I know this from personal experience. As founder and CEO of the Cutler Group, a PR firm for tech startups which just celebrated its third anniversary, I've spent countless hours doing my best to please clients by delivering results, manage employees, build our brand and learn along the way what it means to be a leader. And based on what I've seen in my own life and the lives of fellow entrepreneurs, I recognize how easy it is to get overwhelmed with the goal of making your company grow.

And here's what I realized: Getting consumed by your work isn't good for you or your business. Working too hard can be unhealthy, and your work will suffer as a result. A work-life balance can be tough to strike, but if done correctly you will be more effective at your job. If you figure out how to focus your energies appropriately, you can likely work (a bit) less and accomplish the same or more.

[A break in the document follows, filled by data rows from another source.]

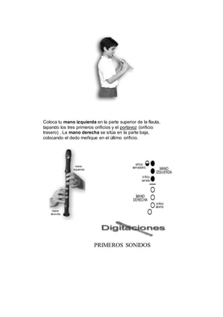 El documento describe el método didáctico para aprender a tocar la flauta dulce. Explica que la respiración correcta es la base y consiste en inspiración, pausa y espiración. Luego detalla cómo emitir el sonido correctamente y la postura del cuerpo para sostener la flauta. Procede a enseñar los primeros sonidos (Do, Re, Mi etc.) y ejercicios para practicarlos, incluyendo instrucciones sobre la digitación y soplido necesarios para cada nota.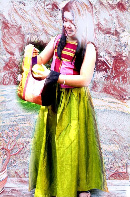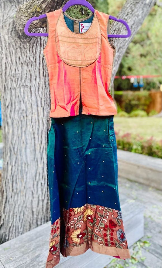 Girl's Ilkal Handloom Langa (Full skirt) + Top set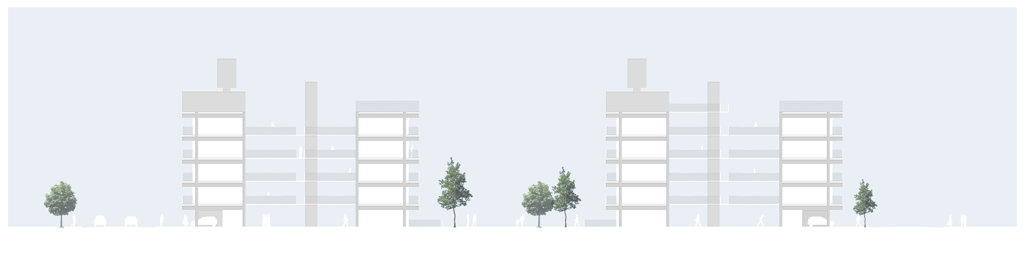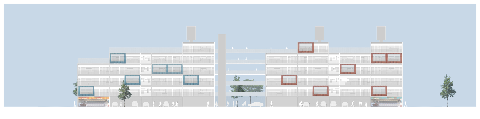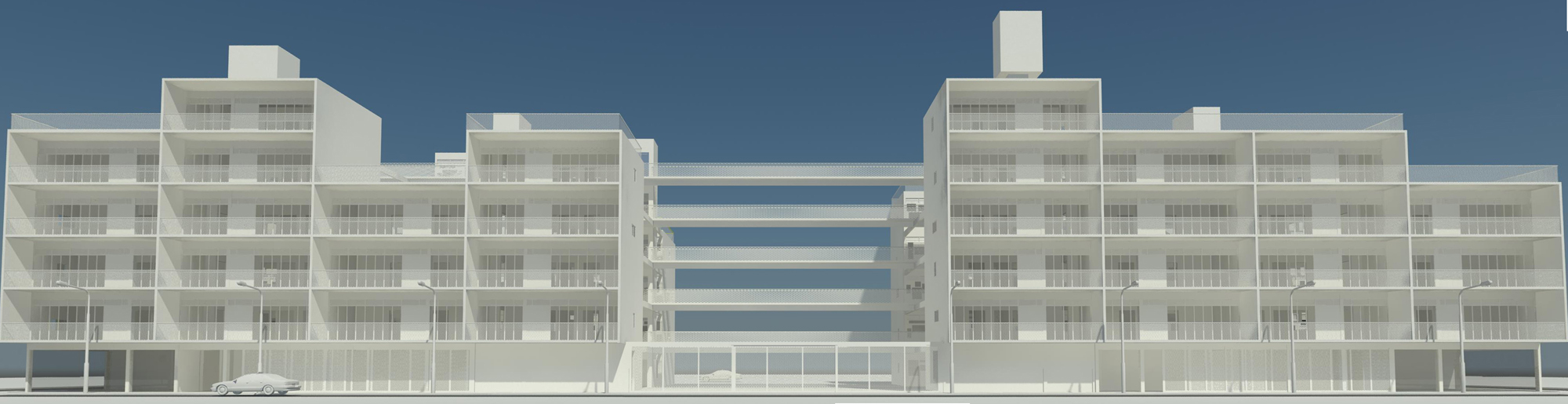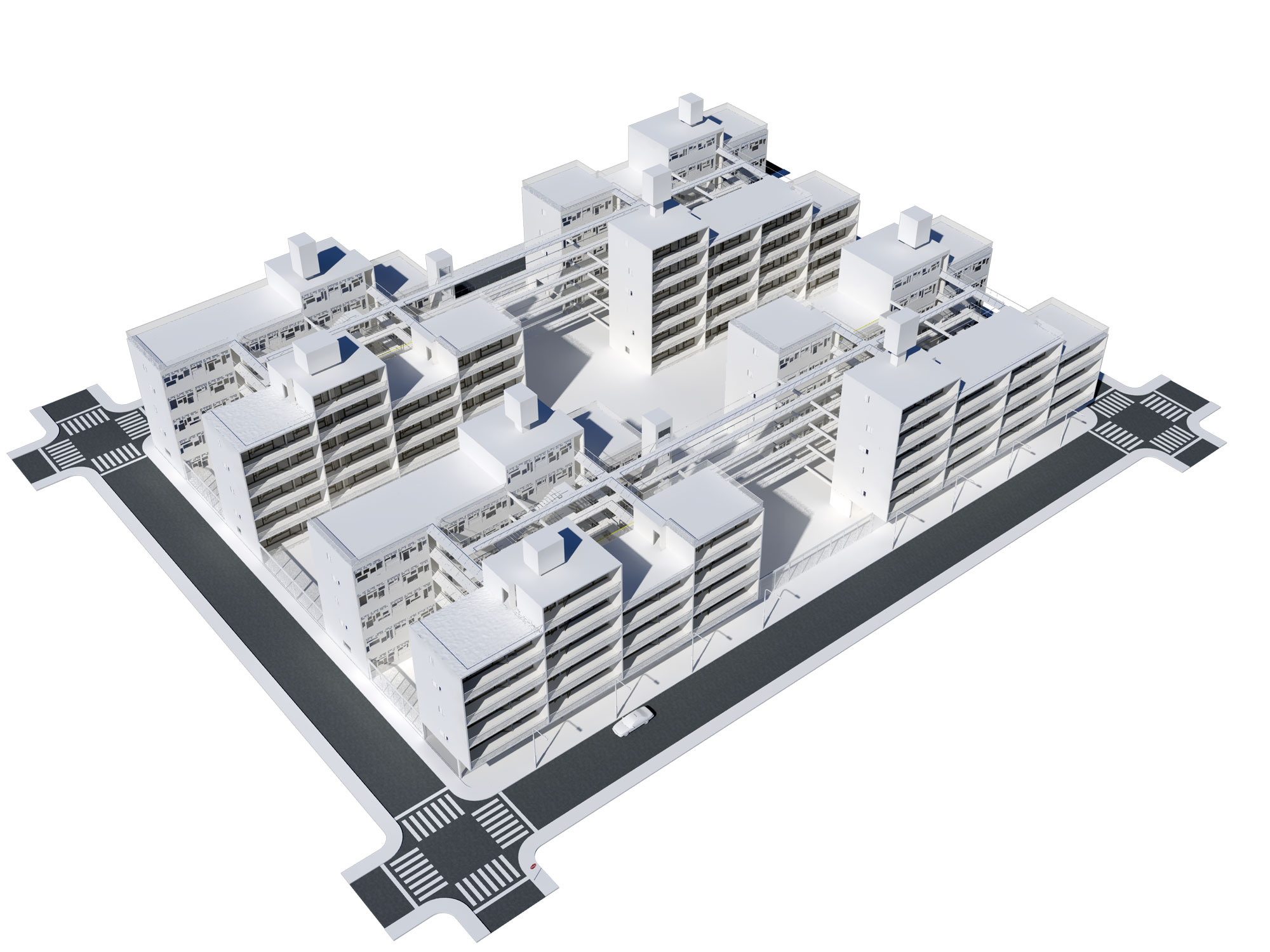 Os prédios são concebidos seguindo uma lógica industrial. O uso de elementos estruturais e lajes de concreto armado prefabricado assim como o uso de painéis composite de vidro encaixilhados, conduz à realização de economias de escala favoráveis a melhorias dos tipos de apartamento. Decidimos trabalhar com quatro objetivos principais: o aumento potencial em 30% da área do apartamento por meio da criação de uma “varanda reversível” de fora a fora do apartamento, a otimizição da ventilação natural e a biorientação dos apartamentos através de um formato de prédio alongado em corpos separados, o acesso à luz natural e ao conforto de uso por meio da criação de painéis de vidro nas salas e a criação de uma rede externa comum de circulação vertical. O espaço reversível potencializa a capacidade de crescimento e de emancipação do núcleo familiar. Sem defi-nição programática e formal, este abriga atividades impossibilitadas pelo confi¬namento do espaço do apartamento e se torna um lugar de expressão livre. Sem restrição quanto ao uso, para atividades culturais, produtivas ou comerciais, o espaço reversível vai expressar nas fachadas do prédio a vitalidade e a criatividade da comunidade que o abriga.

Here are five things I've started doing to reduce stress, increase productivity and prevent my life from getting consumed by work. I recommend any and all of these steps to fellow entrepreneurs, or anyone else who finds their balance out of whack.

1. Maintain your boundaries. There has to be a clearly delineated boundary between your work and your personal life. This applies to your daily routine, as well as making time for yourself on the weekend. For example, some people make a point of closing their computer at 7:30 each evening, or not working on Sundays, or not working once the family comes home. By separating your work time from your home time, you'll better associate your office with being productive and your home with relaxation.

2. Eat healthier. Fast food, junk food and cheese from a can all seem like a quick fix to your "hunger" problem. Just grab something to go, wolf it down, and you'll be back to work in no time, right? Unfortunately, not only is a constant diet of junk bad for your health, it can be bad for your productivity. Studies show that eating balanced meals helps boost concentration, and the chemicals found in vegetables like cabbage, broccoli and cauliflower improve memory and retention. Meanwhile, sugary and fatty foods may provide a short boost in dopamine, but their effects quickly wear off, leading to a crash. The same happens with too much caffeine. Even making small changes in your diet -- substituting brown rice for white rice, or wheat bread for white, can make you more energized and ready to tackle your work.

3. Don't always socialize about the business. When socializing outside of the office, make sure to talk about things other than business. This has a twofold effect: One, you will reset your mind and come back to work the next day feeling refreshed; and two, you won't be known amongst your friends and colleagues as "He/She Who Can't Stop Talking About Work All The Time!"

4. Keep a meditative side. Regardless of your feelings on religion and spirituality, I feel it's healthy to cultivate a sense of introspection. This is best maintained by devoting a few minutes a day to some kind of meditation, prayer or deep thought. It can refresh you for the rest of the day, and keep the smaller, less important stresses in your life in perspective. More scientifically, researchers found that those who meditated for about 30 minutes a day for eight weeks saw measurable changes in gray-matter density in parts of the brain that control memory, sense of self, empathy and stress.

5. Exercise -- at lunch. As a relatively new practitioner of Pilates, I can tell you personally that some kind of body conditioning can do wonders for both the body and mind. (Joseph Pilates, the creator of this particular system, believed in the interrelated nature of body/mind health.) I've found that going during lunch provides a natural break in the day, and actually gives you more energy to power through the afternoon. Whether you want to break a sweat or simply stretch away the fatigue, there are plenty of options for getting into shape and getting your mind right midday. You might even have time to grab a salad afterwards.

Entrepreneurship can be stressful -- it is, in some ways, part of the appeal. But just because it's hard work doesn't mean you aren't allowed to have a life as well. You, and probably your colleagues and company overall, will be better off if you the leader are rested and happy.